Saturday 10 June 2017

Albert Atkin on Peirce

I have always been a little bit reticent about Peirce's semiotics. It's become another kind of theoretical 'coat-hanger' which media theorists, communication scholars, educationalists, informational scholars, musicologists, and much postmodern theory has draped 'explanations' which, it seems to me, don't explain very much. My suspicion, as with many social and psychological theories, is that the clergy are a pale imitation of the high-priests. It's the same story with James Gibson and affordance theory. And whilst believing that there's much more to Peirce than meets the eye of someone surveying this academic noise, I haven't yet found a way into it. Until now.

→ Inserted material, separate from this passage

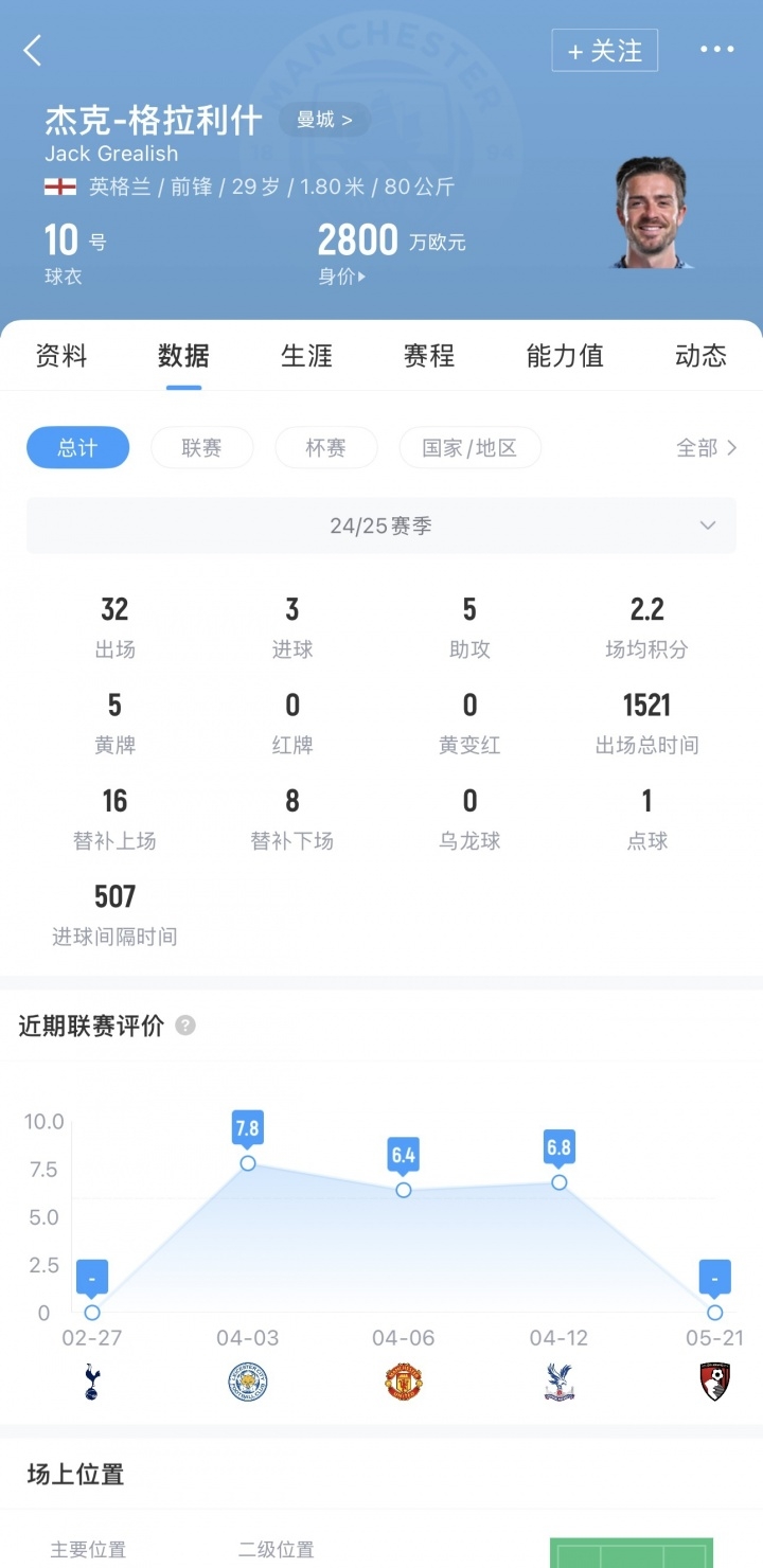 格拉利什通盘这个词2024/25赛季只在英超首发7次,他也莫得随队过问上个月的世俱杯比赛。截止当今球员共为曼城出场157次打入17球23助攻。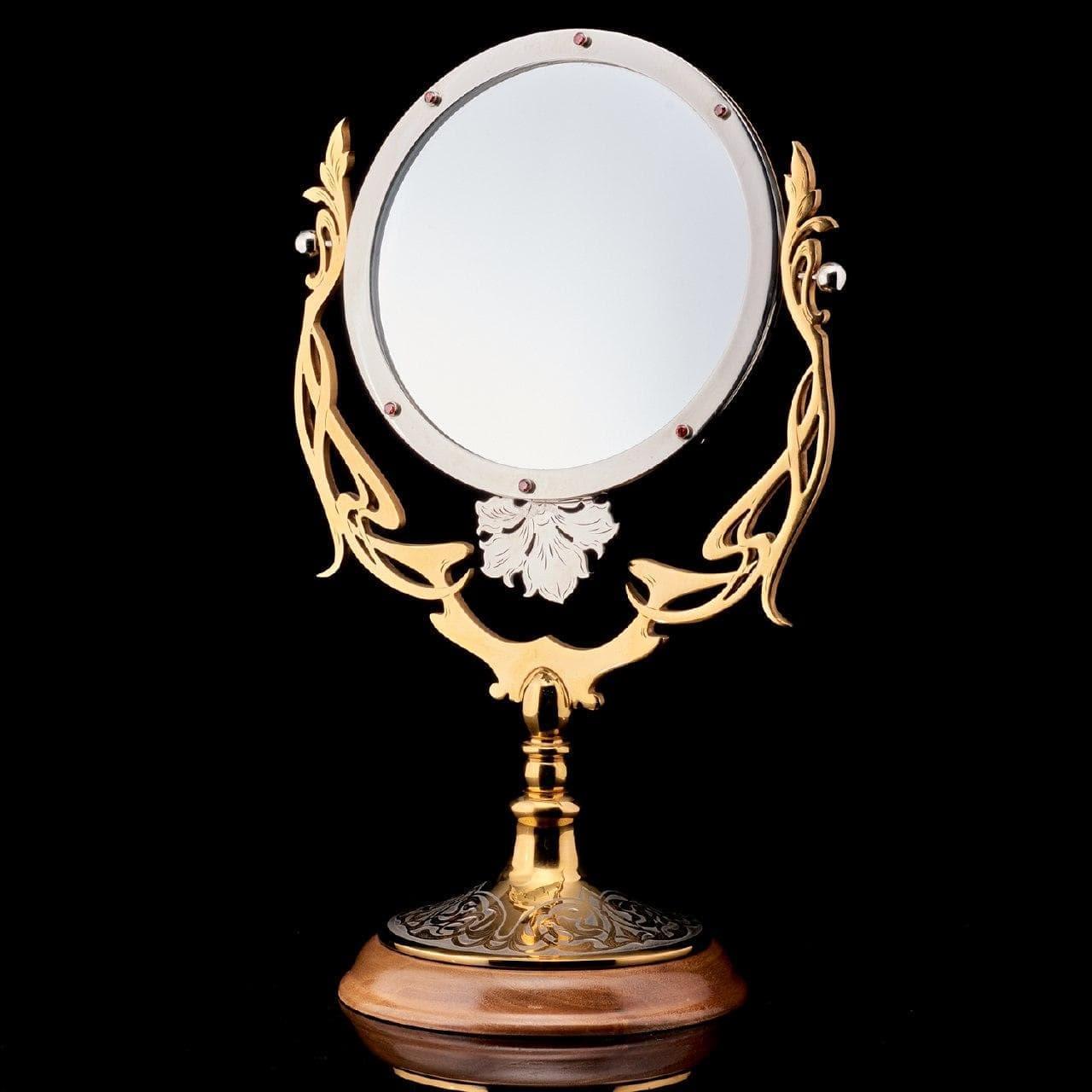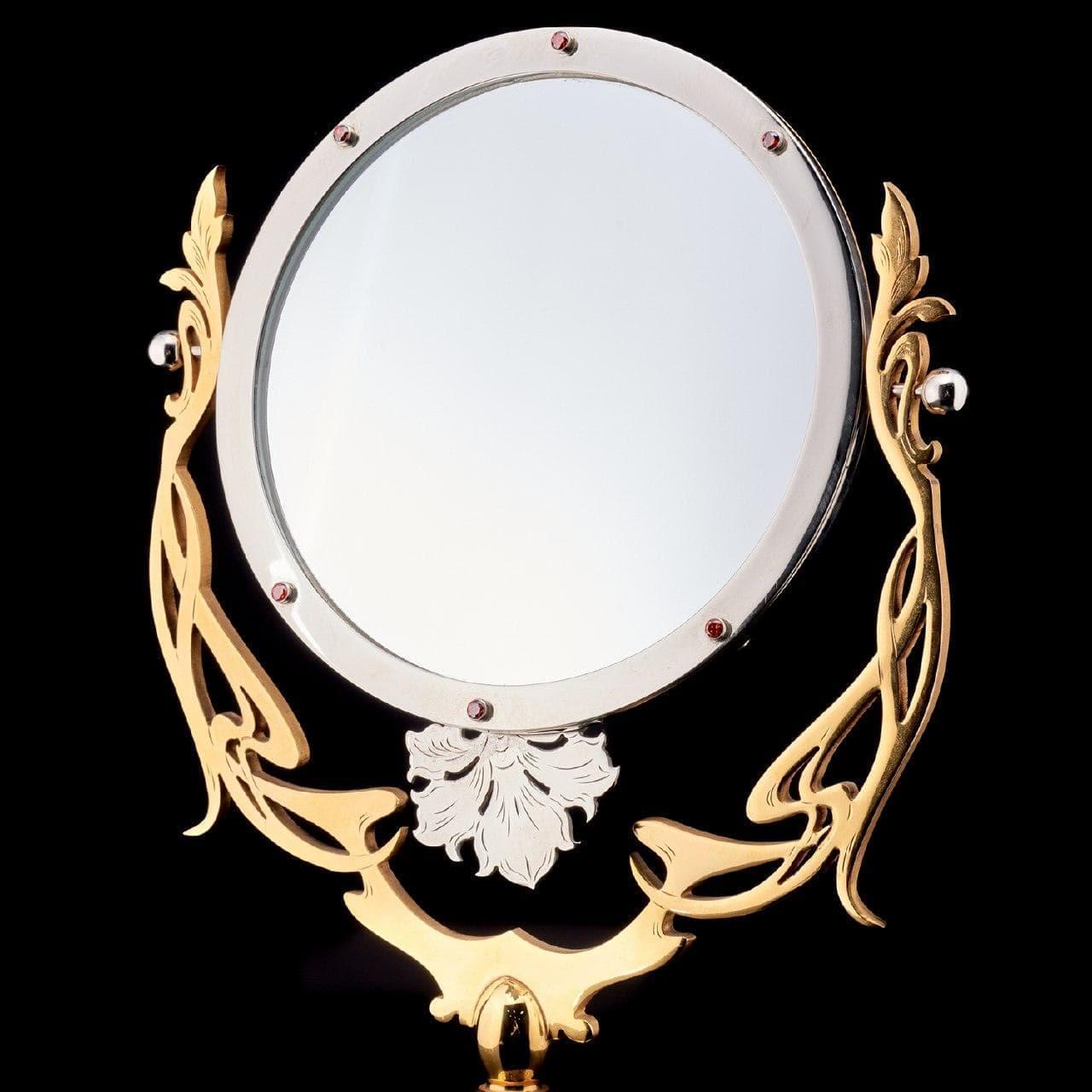 С зеркалами связаны интересные истории. Древнейшим зеркалам 7000 лет. Археологи считают первыми образцами найденные в Турции куски полированного обсидиана (стекло вулканического происхождения), но сквозь них не различались оттенки цвета. Изготавливали зеркала из олова, бронзы, горного хрусталя, меди, серебра, золота и камней. Они считались магическими предметами, порталами в иной мир. Все зеркала впитывают «энергетику» от прежних владельцев. Доказано, что дети узнают себя в отражении с 2 лет. Зеркала, отражающие звуковые волны, известны как акустические. С их помощью в Великобритании во время Второй Мировой войны обнаруживали звуковые волны, поступающие от вражеской авиации, до появления радара. Зеркало в полный рост перед входом в дом защитит его от негативной энергии. Оригинальная работа мастеров Златоуста. Этапы работы: ковка, токарные работы, рисовка кистью, гравировка иглой по лаку, травление, гравировка резцом, полировка, никелирование, золочение. В изделии использовались традиционные методы обработки и украшения Златоустовской гравюры на металле.

I'm reading Albert Atkin's recent book on Peirce. He articulates exactly how I feel about the sign theory, when he first of all points out that philosophy has largely ignored the sign theory - partly due to unreflective criticisms of analytic philosophers (most notably Quine), whereas

"Interest is much livelier outside of philosophy, but a similar problem lurks nearby. One finds interest in and mention of Peirce's sign theories in such wide-ranging disciplines as art history, literary theory, psychology and linguistics. There are even entire disciplinary approaches and sub-fields - semiotics, bio-semiotics, cognitive semiotics - which rest squarely on Peirce's work. Whilst this greater appreciation of Peirce's semiotic marks a happier state of affiars than that which we find in philosophy, there is still a worry that, as the leading scholar of Peirce's sign theory, T.L. Short, puts it, 'Peirce's semiotics has gotten in amongst the wrong  crowd'. Short's complaint may be a little hyperbolic, but his concern is well founded considering the piecemeal and selective use of Peirce's ideas in certain areas. From a cursory reading of much work in these areas, one might think Perice had only ever identified his early tripartite division of signs into icons, indexes and symbols." (Atkin, "Peirce", p126)
Peirce's biography, which Atkin covers elegantly, is extremely important in understanding how Peirce's logic, mathematics, sign theory and metaphysics fit together. A combination of intellectual isolation - he lost his University position in 1884 and never gained another one - and a unique inheritance from his mathematician father Benjamin Peirce, together with power intellectual life in the family home, set the scene for a radical redescription of logic, mathematics, cognition and science. The simple fact is that the extent to which this redescription is truly radical remains underappreciated - not helped by noisy dismissals by the academic establishment - not only of Peirce himself, but also of some of the foundational work which Peirce built on (he gained his interest in Hamilton's Quaternions from his father; Hamilton's work too suffered some careless dismissals).

If people think they know Peirce, or they know the semiotics, they should think again. I strongly suspect the time for this true original is yet to come.